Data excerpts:
== Segment start ==

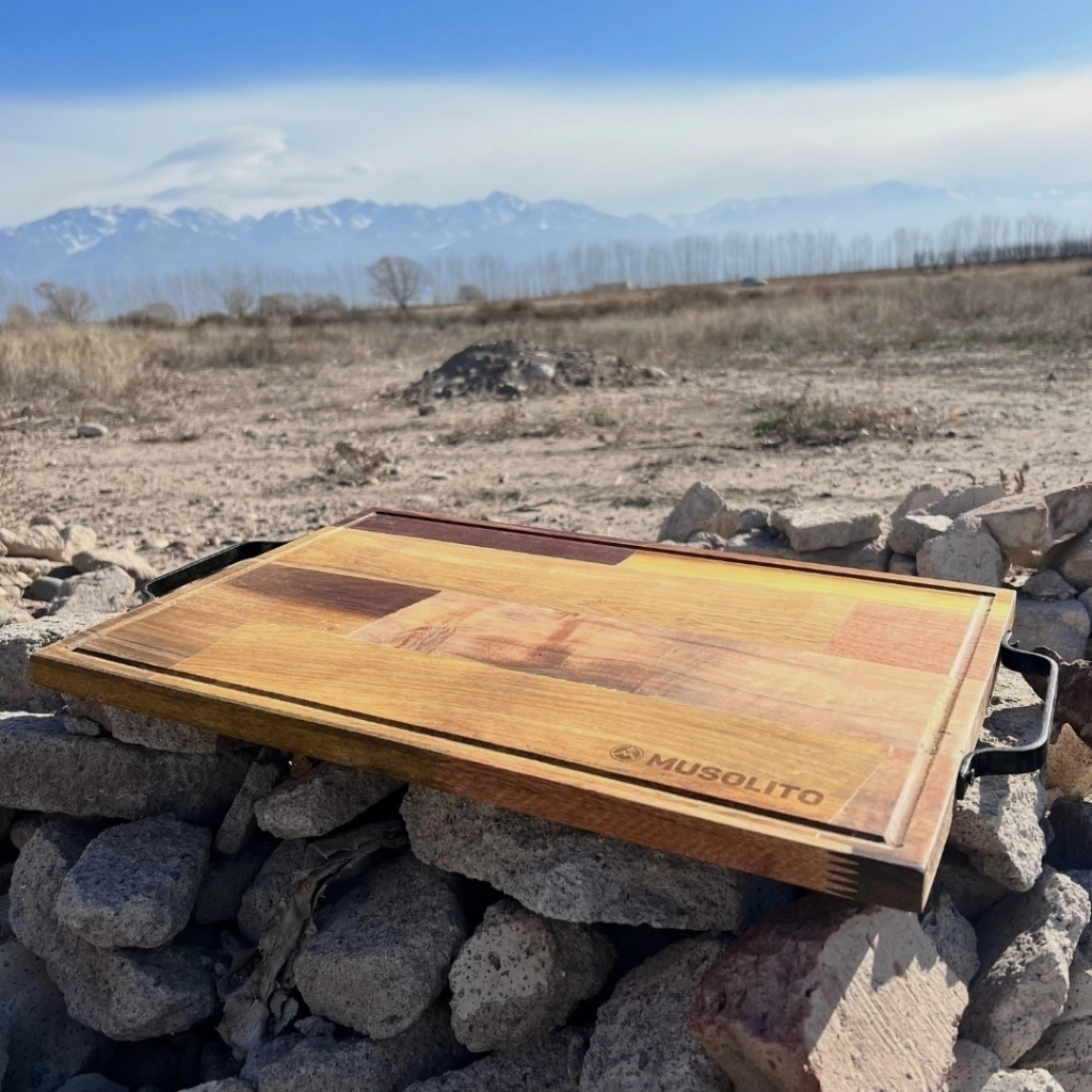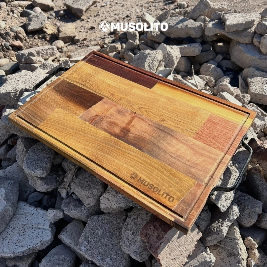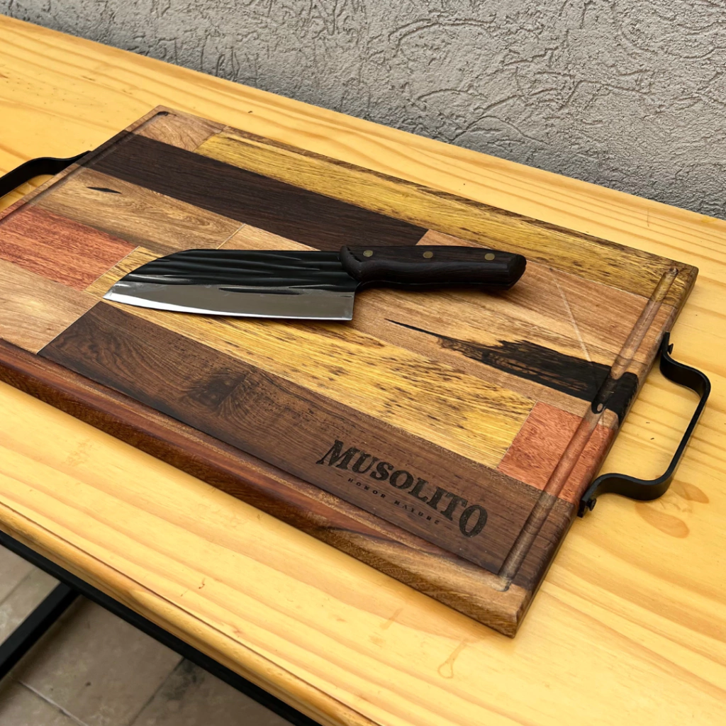 La Centella es una tabla grande con alma de tormenta. Fabricada en maderas multicolor del monte misionero, combina naturaleza salvaje y arte criollo. Las manijas de hierro le aportan solidez y presencia, ideal para quienes no solo cocinan, sino que comandan el ritual del fuego.
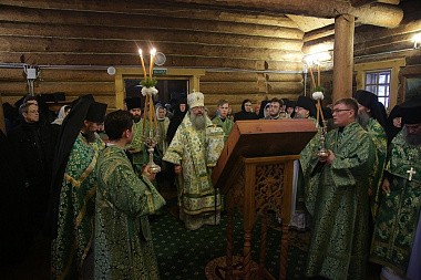 Его Высокопреосвященству сослужили: наместник Верхотурского Свято-Николаевского монастыря игумен Иероним (Миронов), наместник Крестовоздвиженского мужского монастыря Екатеринбурга игумен Флавиан (Матвеев), ректор Екатеринбургской духовной семинарии иеромонах Корнилий (Зайцев), исполняющий обязанности наместника мужского монастыря во имя святых царственных страстотерпцев в урочище Ганина Яма иеромонах Мелитон (Зыбин), секретарь епархиального управления Екатеринбургской епархии иеромонах Кирилл (Корытко), братия обители в священном сане, а также монашествующие священнослужители, несущие послушания на приходах Екатеринбургской епархии.
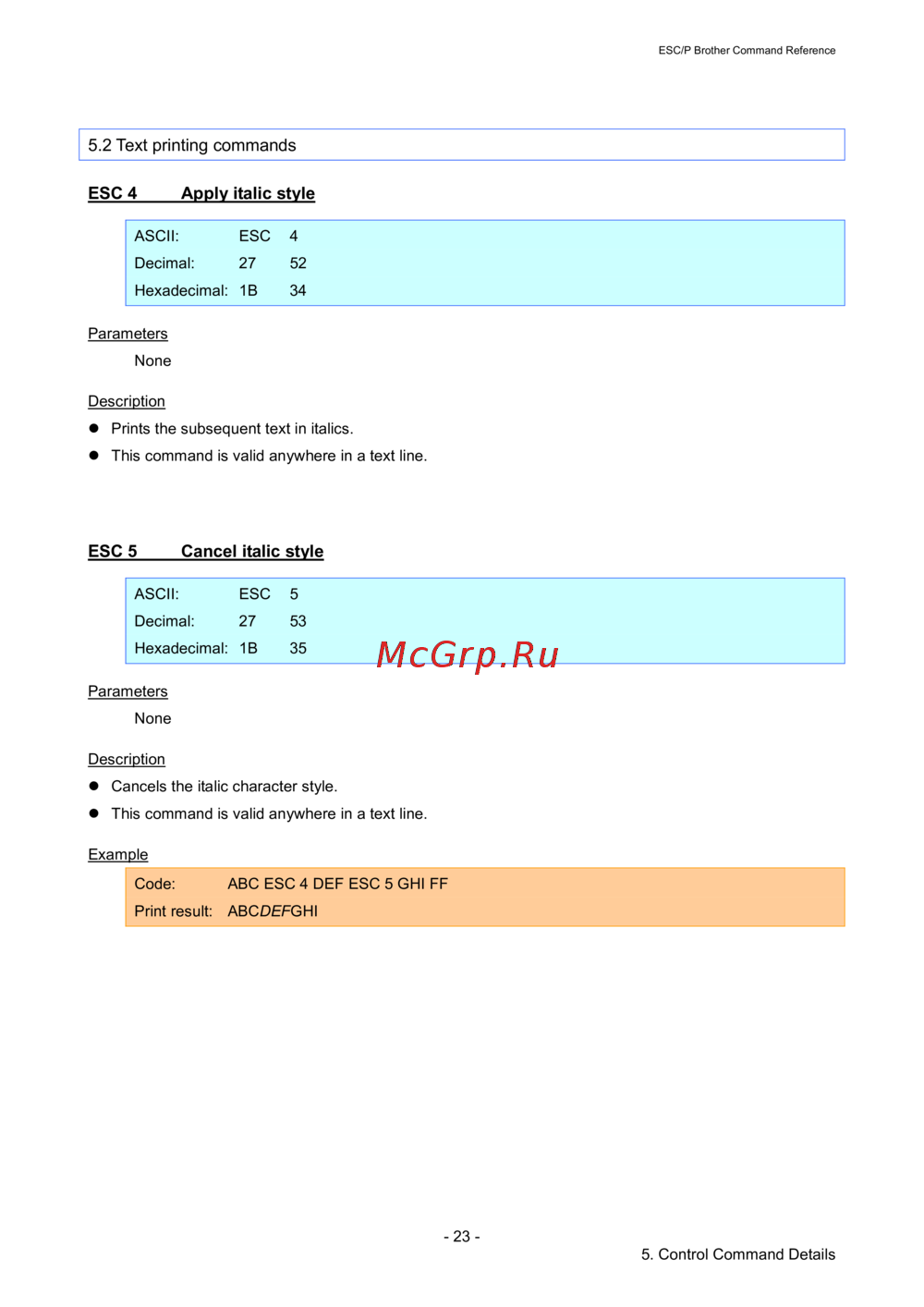 ESC 5 Cancel italic style
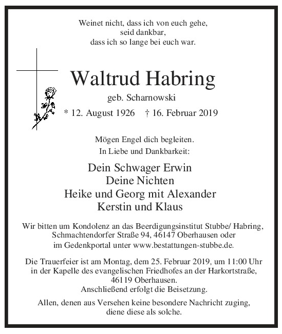 †16.02.2019, Ruhestätte: ev. Friedhof an der Harkortstraße
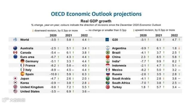 OECD预测,2021年,美国GDP增速或为6.9%,2022年为3.6%。
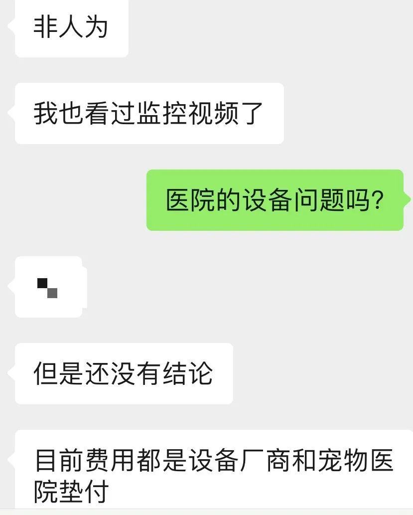 本报记者从家属方获悉,从3月初事发起,家属方一直在咨询国内外专家进行治疗,设备厂商与宠物医院亦参与垫付了全部医疗费用,但依然无法让当事人恢复自主呼吸。此外,家属方透露,目前他们也已看过事发当日监控,相关的事故调查也还在进行中,“目前还没有明确结论,但并非人为原因”。
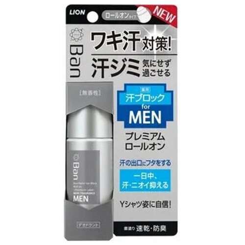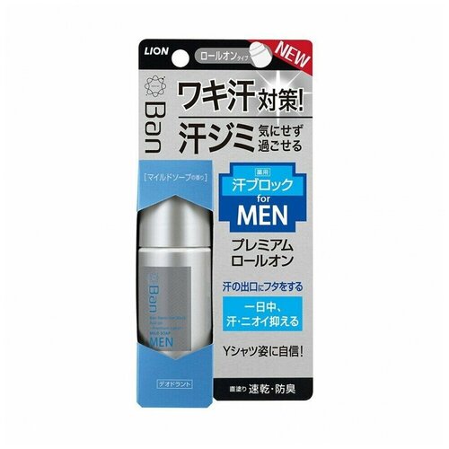 Lion Мужской роликовый дезодорант-антиперспирант Ban блокирующий потоотделение, ионный, аромат мыла, 40 мл
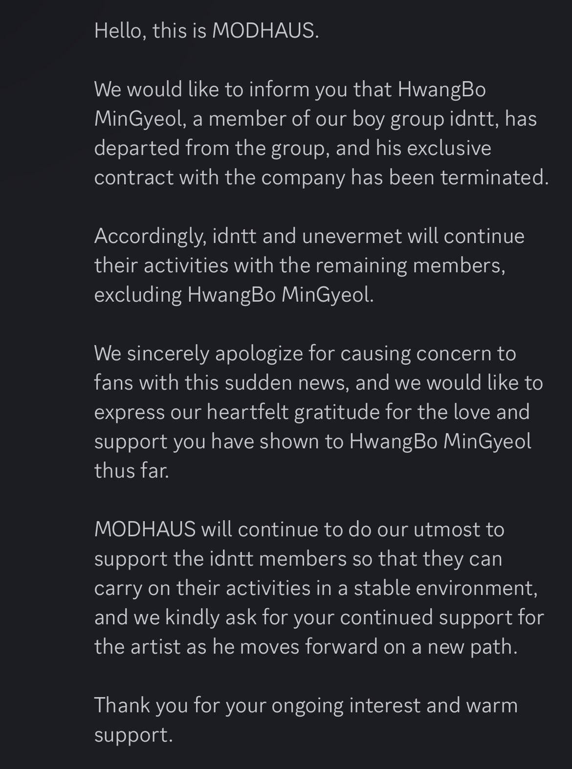 MODHAUS يعلن أن idntt Hwangbo Mingyeol قد ترك الفرقة رسميًا
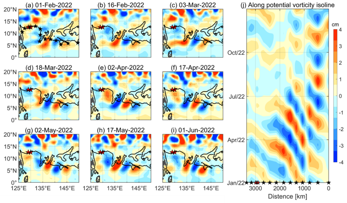 圖2(a-i)2022年2月1日至2022年6月1日帶通SLA水平場(chǎng)。黑色等值線表示5.5×10-9 m-1 s-1等位渦線。(j)帶通SLA沿5.5×10-9 m-1 s-1等位渦線的Hovm?ller圖。橫坐標(biāo)表示從(a)中最東側(cè)黑色五角星開始計(jì)算的黑色五角星所對(duì)應(yīng)的距離。(a-j)中紅色五角星表示潛標(biāo)位置。
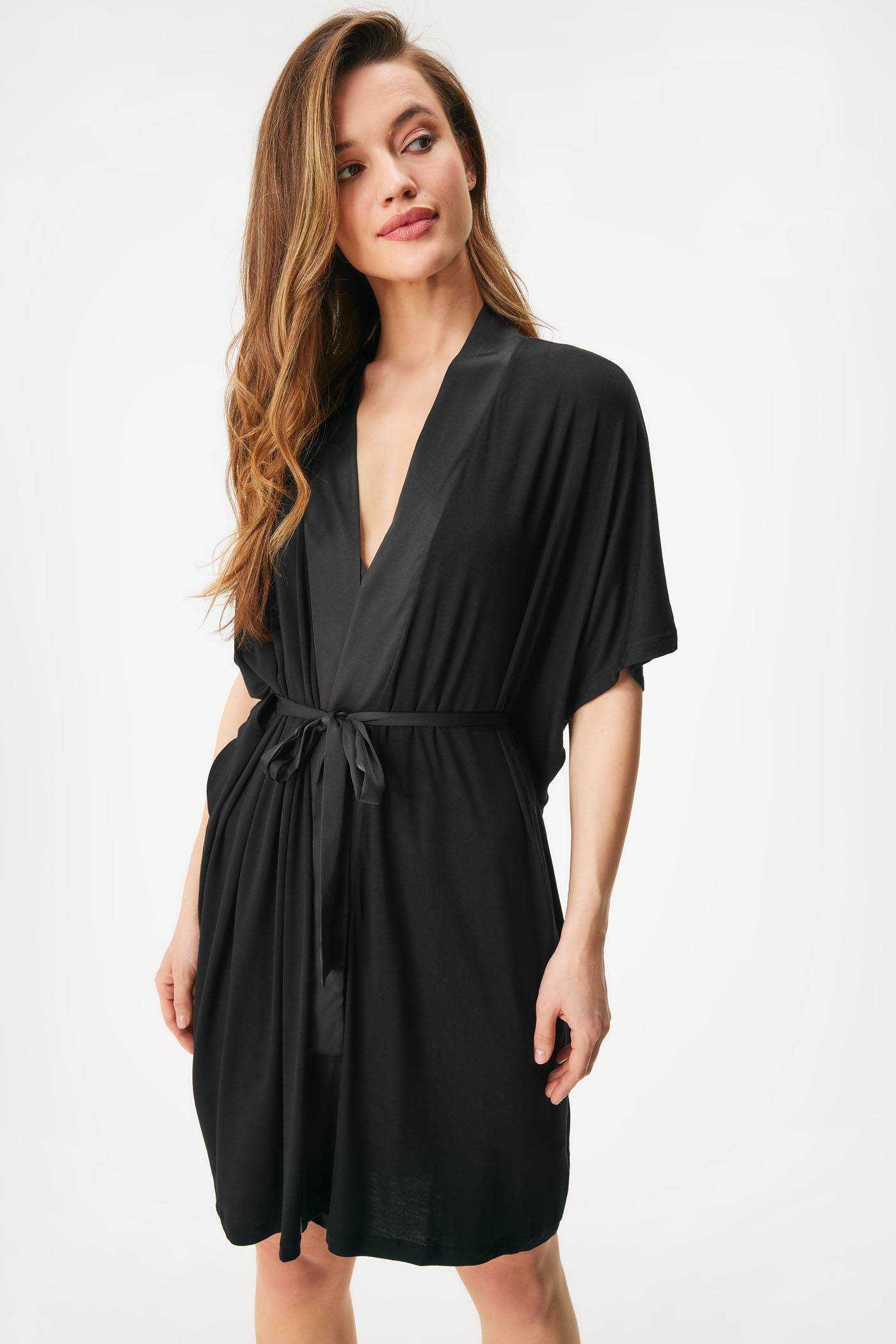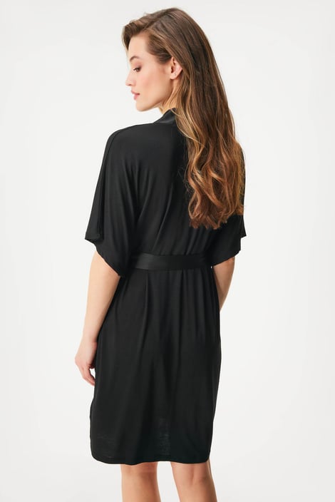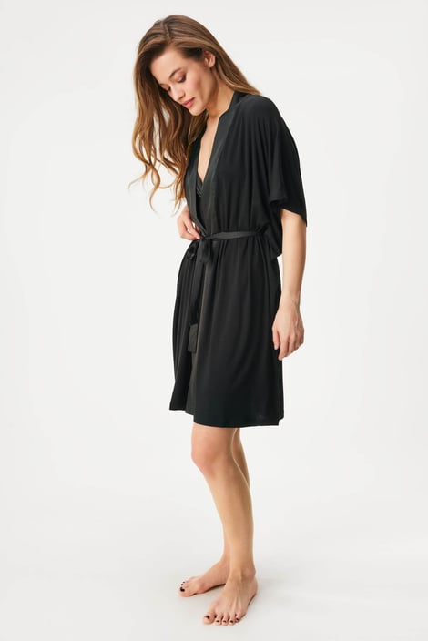 Szlafrok Rirri z chłodzącej wiskozy na ciepłe letnie wieczory. Model w eleganckim kolorze czarnym z wiązaniem w pasie.

== Segment end ==

INSTRUCTIONS FOR THE TASK:
From the line containing "m-1 s-1等位渦線。(j)帶通SLA沿5.5×10-9 m-1" to the final line of the entries, both included, transcribe every line exactly, omit the pictures, and add nothing more.

REPLY TO THE TASK:
 圖2(a-i)2022年2月1日至2022年6月1日帶通SLA水平場(chǎng)。黑色等值線表示5.5×10-9 m-1 s-1等位渦線。(j)帶通SLA沿5.5×10-9 m-1 s-1等位渦線的Hovm?ller圖。橫坐標(biāo)表示從(a)中最東側(cè)黑色五角星開始計(jì)算的黑色五角星所對(duì)應(yīng)的距離。(a-j)中紅色五角星表示潛標(biāo)位置。
 Szlafrok Rirri z chłodzącej wiskozy na ciepłe letnie wieczory. Model w eleganckim kolorze czarnym z wiązaniem w pasie.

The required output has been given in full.